Start of Block
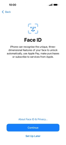Follow the instructions on the screen to turn on use of Face ID or press Set Up Later.
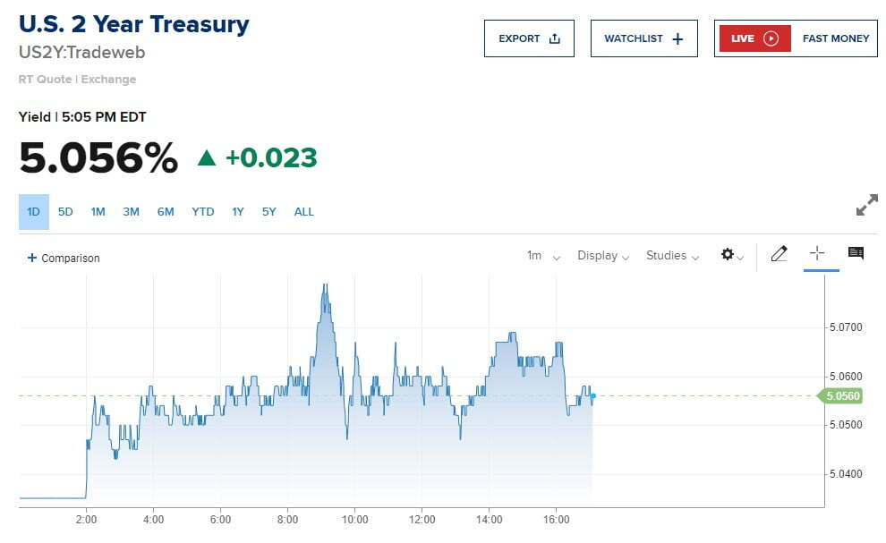 미 국채 2년물 금리는 오후 5시께 전장보다 2.3bp 오른 5.056%를 기록했고, 10년물 수익률은 같은 시간 1.9bp 내린 4.303%에 거래됐습니다. 정리하면 FOMC를 앞두고 금리, 주가 모두 큰 변화 없이 관망세를 보였다고 볼 수 있겠습니다.
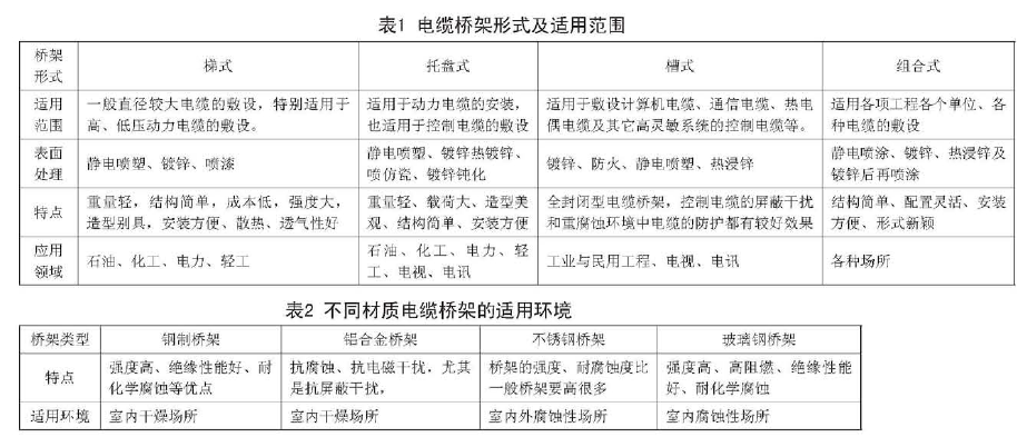 電纜橋架按結構形式可分為梯式、托盤式、槽式和組裝式橋架等,按材質可分為鋼制橋架、鋁合金橋架、不銹鋼橋架、玻璃鋼橋架等。采用何種材質與結構形式的橋架應根據電纜橋架所使用的環境、敷設電纜性質、部位來確定。
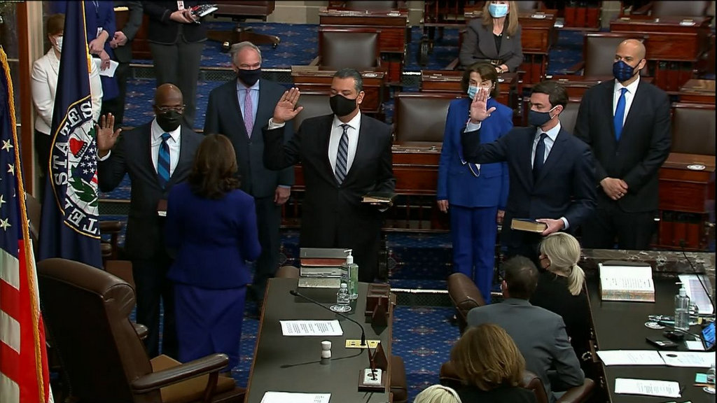 Ещё одна важная политическая новость сегодняшнего дня: работу в Сенате начали двое демократов, которые выиграли выборы второго тура в Джорджии. Это значит, что баланс мандатов в верхней палате Конгресса теперь разделен поровну: 50 республиканцев, и 50 демократов.
End of Block
(EXERCISE BRIEF)
Write out the listing above exactly as it stands, pictures excluded.

(RESULT)
Follow the instructions on the screen to turn on use of Face ID or press Set Up Later.
 미 국채 2년물 금리는 오후 5시께 전장보다 2.3bp 오른 5.056%를 기록했고, 10년물 수익률은 같은 시간 1.9bp 내린 4.303%에 거래됐습니다. 정리하면 FOMC를 앞두고 금리, 주가 모두 큰 변화 없이 관망세를 보였다고 볼 수 있겠습니다.
 電纜橋架按結構形式可分為梯式、托盤式、槽式和組裝式橋架等,按材質可分為鋼制橋架、鋁合金橋架、不銹鋼橋架、玻璃鋼橋架等。采用何種材質與結構形式的橋架應根據電纜橋架所使用的環境、敷設電纜性質、部位來確定。
 Ещё одна важная политическая новость сегодняшнего дня: работу в Сенате начали двое демократов, которые выиграли выборы второго тура в Джорджии. Это значит, что баланс мандатов в верхней палате Конгресса теперь разделен поровну: 50 республиканцев, и 50 демократов.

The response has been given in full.